$$\lim_{x \to 0} \frac{x\tan 2x - 2x\tan x}{(1 - \cos 2x)^2}$$ equals:

We are asked to evaluate the limit

$$\lim_{x \to 0}\dfrac{x\tan 2x\;-\;2x\tan x}{\left(1-\cos 2x\right)^{2}}.$$

Because both numerator and denominator tend to $$0$$ as $$x\to 0$$, this is an indeterminate form $$\dfrac{0}{0}$$. In such cases the Maclaurin (Taylor) expansions of the standard trigonometric functions about $$x=0$$ are very useful.
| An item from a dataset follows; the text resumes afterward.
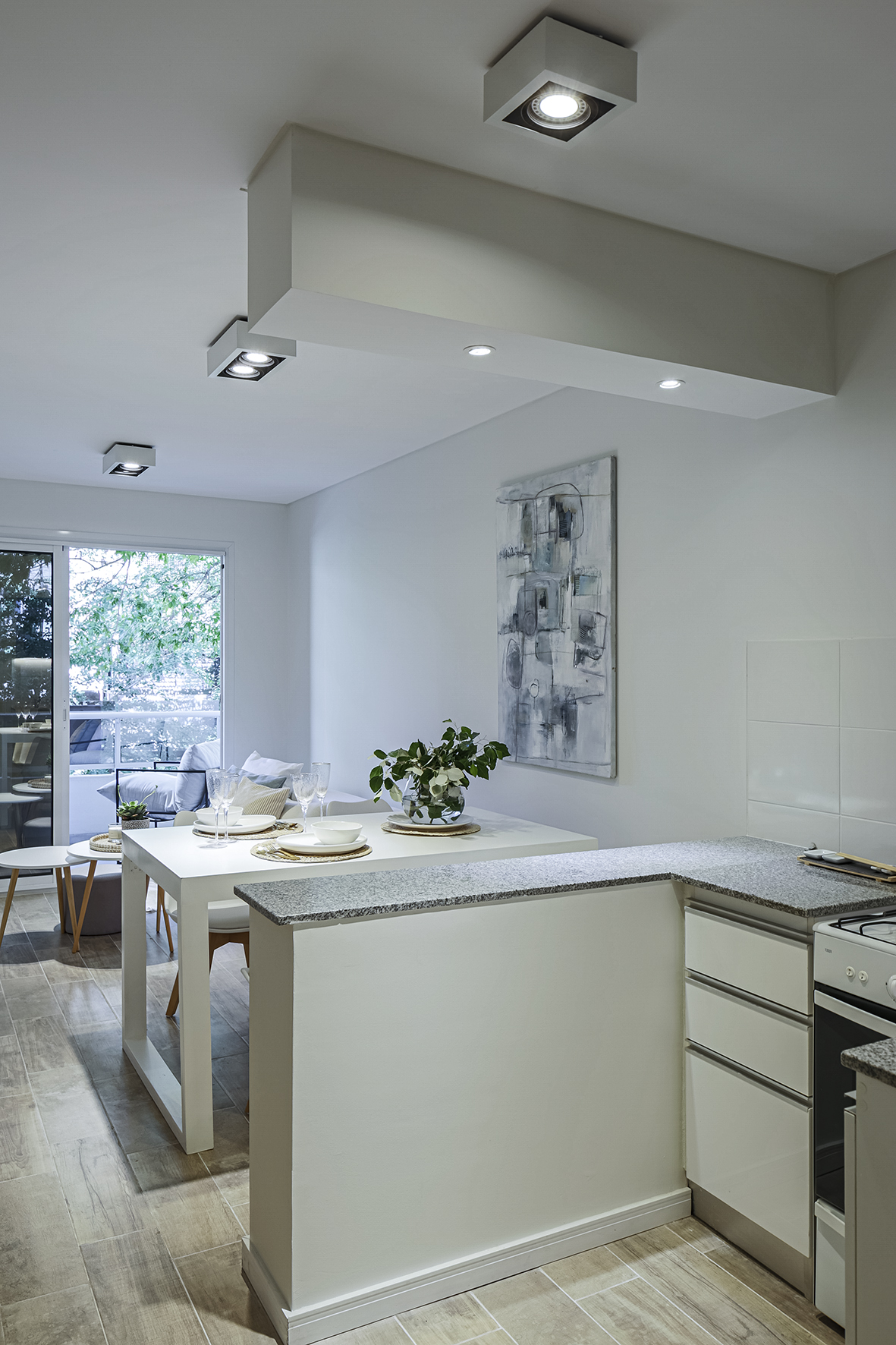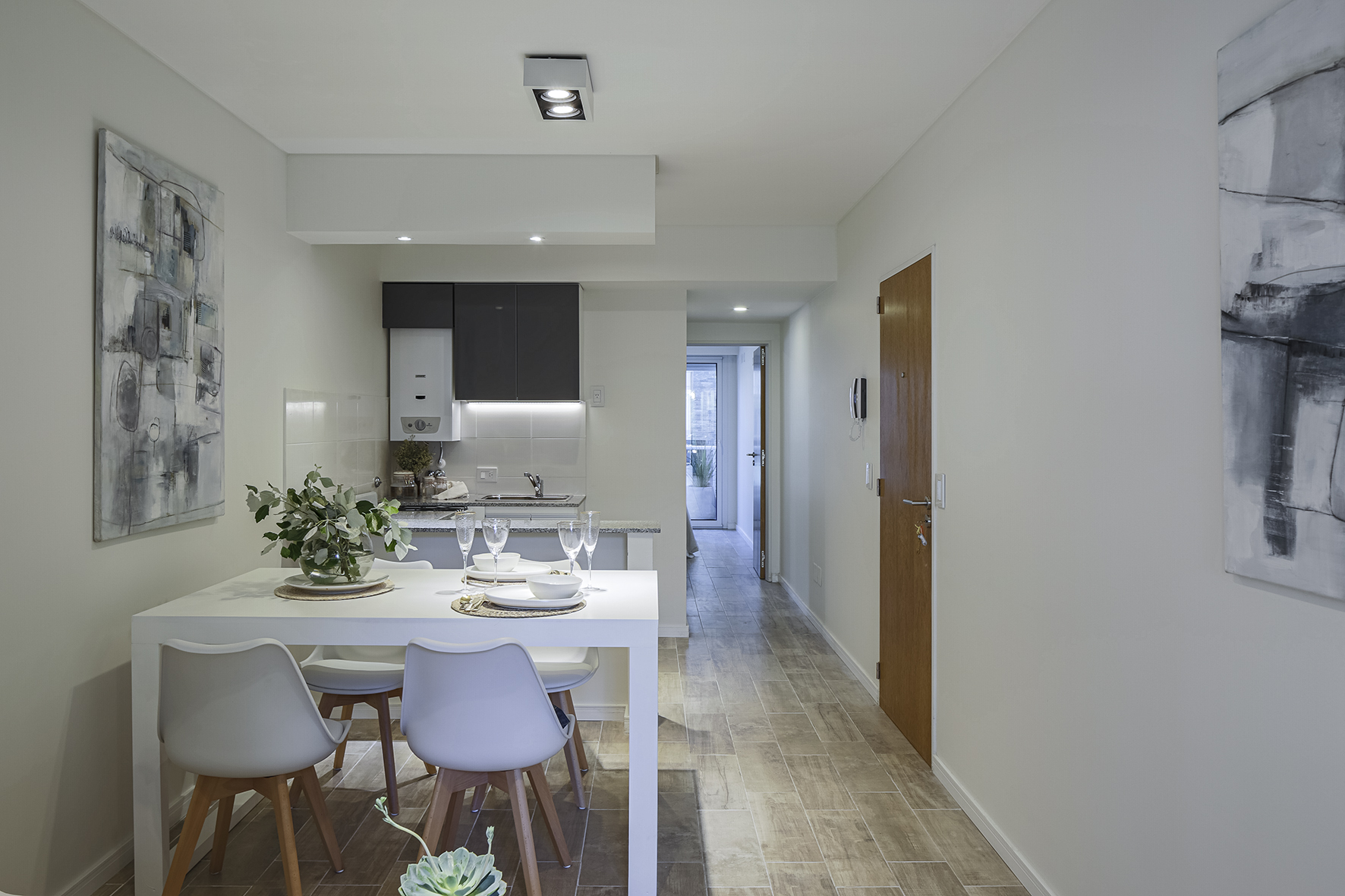 Amenities: quincho con parrillero y solarium, terraza con espacio fitness, espacio de jardín en planta baja, bicicleteros

We first recall the series we will need:

For small $$x$$,

$$\tan x = x + \dfrac{x^{3}}{3} + \dfrac{2x^{5}}{15} + \cdots,$$

$$\cos x = 1 - \dfrac{x^{2}}{2} + \dfrac{x^{4}}{24} - \dfrac{x^{6}}{720} + \cdots.$$

Now we substitute $$x$$ by $$2x$$ wherever required and write every term up to the power that will finally survive after simplification.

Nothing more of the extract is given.